To retain my sanity and keep stress levels down, I take “news” (aka usually anxiety-producing biased content) in tidbits (not tweets) — morsels that are still so disturbing I cannot linger long. Excessive hurricanes, fires, flooding; power cuts and flight cancellations due to excessive heat; people rushed to emergency rooms for heat exhaustion and dying from heat stroke — are all happening today. Right now. The reality of worldwide weather changes and what I see in my own environment confirm climate change stories first-hand.
Every day this summer I’ve thanked God for air conditioning.

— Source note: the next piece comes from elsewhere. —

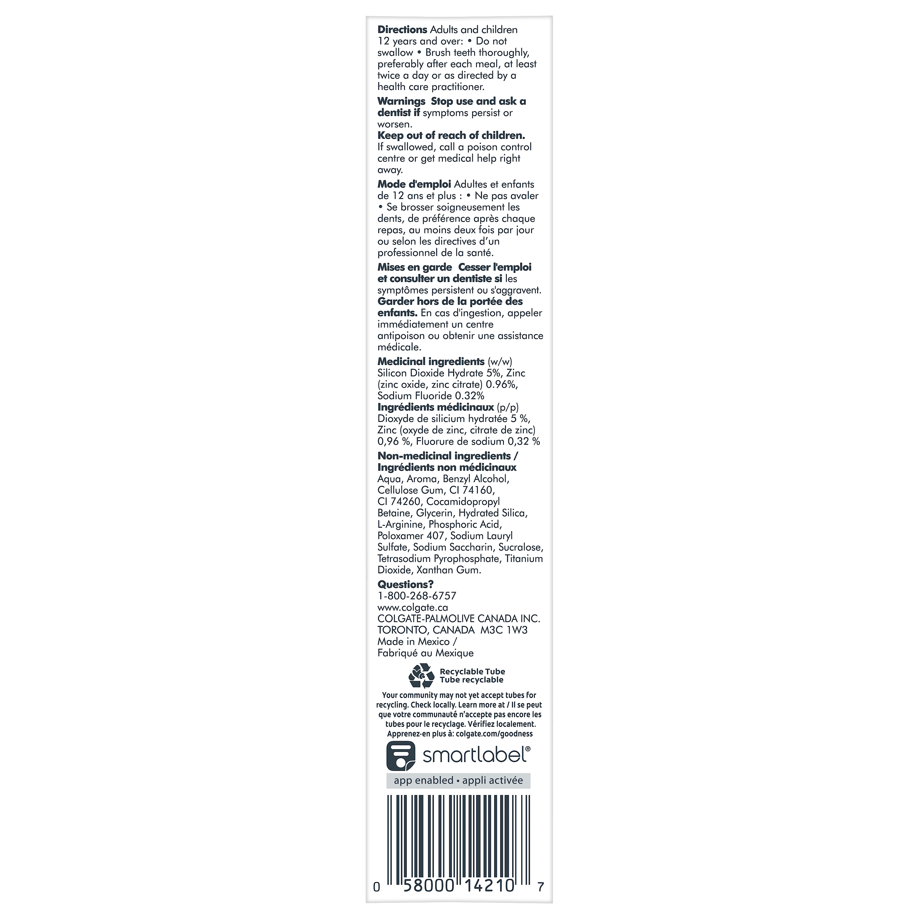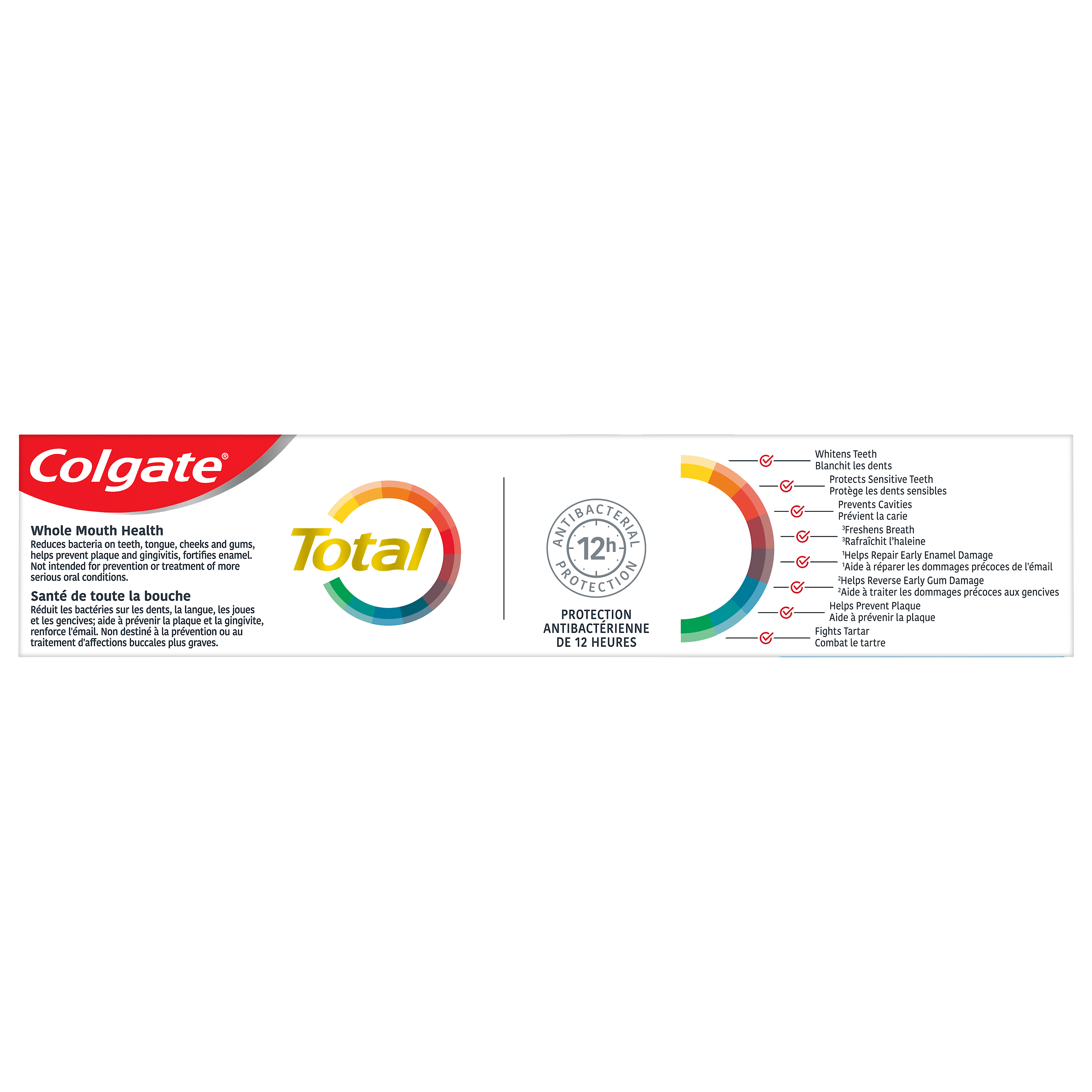 Product Title Colgate Total Whitening Toothpaste Gel, Multi-Benefit Teeth Whitening Toothpaste That Whitens Teeth, Freshens Breath & Protects Sensitive Teeth, 120 mL, 3 Pack SKU CA00839A SKU eCommerce Name Colgate Total Whitening Toothpaste Gel, Multi-Benefit Teeth Whitening Toothpaste That Whitens Teeth, Freshens Breath & Protects Sensitive Teeth, 120 mL, 3 Pack Consumer Unit - GTIN 00058000142435 Case - GTIN 10058000142432 Product Category Oral Care Product Sub Category Toothpaste Brand Colgate Product Sub Brand Colgate Total TP Consumer Unit Gross Weight 0.587 KG / 1.294 LB Consumer Unit Net Weight 0.464 KG / 1.023 LB Consumer Unit Length 196.000 MM / 7.717 IN Consumer Unit Width 42.000 MM / 1.654 IN Consumer Unit Height 152.000 MM / 5.984 IN Consumer Unit Volume 1.218 C8 / 0.043 CF Product Title Colgate Total Whitening Toothpaste Gel, Multi-Benefit Teeth Whitening Toothpaste That Whitens Teeth, Freshens Breath & Protects Sensitive Teeth, 120 mL, 3 Pack eCommerce Copy <bulletlist><bullet>Three 120 mL tubes of Colgate Total Whitening Toothpaste Gel</bullet> <bullet>New look, same great formula and flavor</bullet> <bullet>Colgate Total toothpaste is a multi-benefit toothpaste that whitens teeth, protects sensitive teeth, freshens breath, prevents cavities, and strengthens enamel</bullet> <bullet>Provides 12 hour antibacterial protection against germs that cause plaque and gingivitis</bullet> <bullet>Colgate Total is also a sensitive toothpaste that actively helps to prevent recurrent problems like sensitivity and gingivitis</bullet> <bullet>Help repair early enamel damage, help reverse early gum damage, and freshen breath with Colgate Total</bullet> <bullet>For a healthy mouth, brush with Colgate Total and reduce bacteria on teeth, tongue, cheeks and gums</bullet> <bullet>Mint gel toothpaste instantly neutralizes odours associated with bad breath</bullet> <bullet>Easily stock multiple bathrooms with this convenient toothpaste pack</bullet></bulletlist> eCommerce Copy- Long Description Colgate Total Whitening Toothpaste Gel, 120 mL, 3 Tubes

I wasn’t so fortunate in my youth. Residing in a 3rd floor walk-up with no AC, an oscillating fan kept me alive when I couldn’t escape the suffocating city heat — and that was 30 years ago before even hotter temps.
So much is at stake — lives, food, clean water, breathable air, electricity to name a few. Can the grid endure? I wonder about a global outage. We saw Puerto Rico’s plight with no electricity for 11 months…
Brian Petersen, a climate change and planning academic at Northern Arizona University noted in a Guardian article, “It’s only a matter of time until the west is completely insufficiently prepared for climate change. If we really wanted to be prepared we would be doing a lot of different things that we’re not doing.”
Some cities are offering cooling shelters and promising to slash green house gas emissions but is it too little too late? Have we poisoned what nature’s generously given and created our own Hell on earth?
Cities planting more trees to help alleviate the heat are like saying, “Oh Mother Nature, you were right. You knew all along what we needed…yet, taking it for granted we foolishly followed our selfish ways.”
I wonder what your personal experiences have been with climate change, what differences are you noticing in your local environment?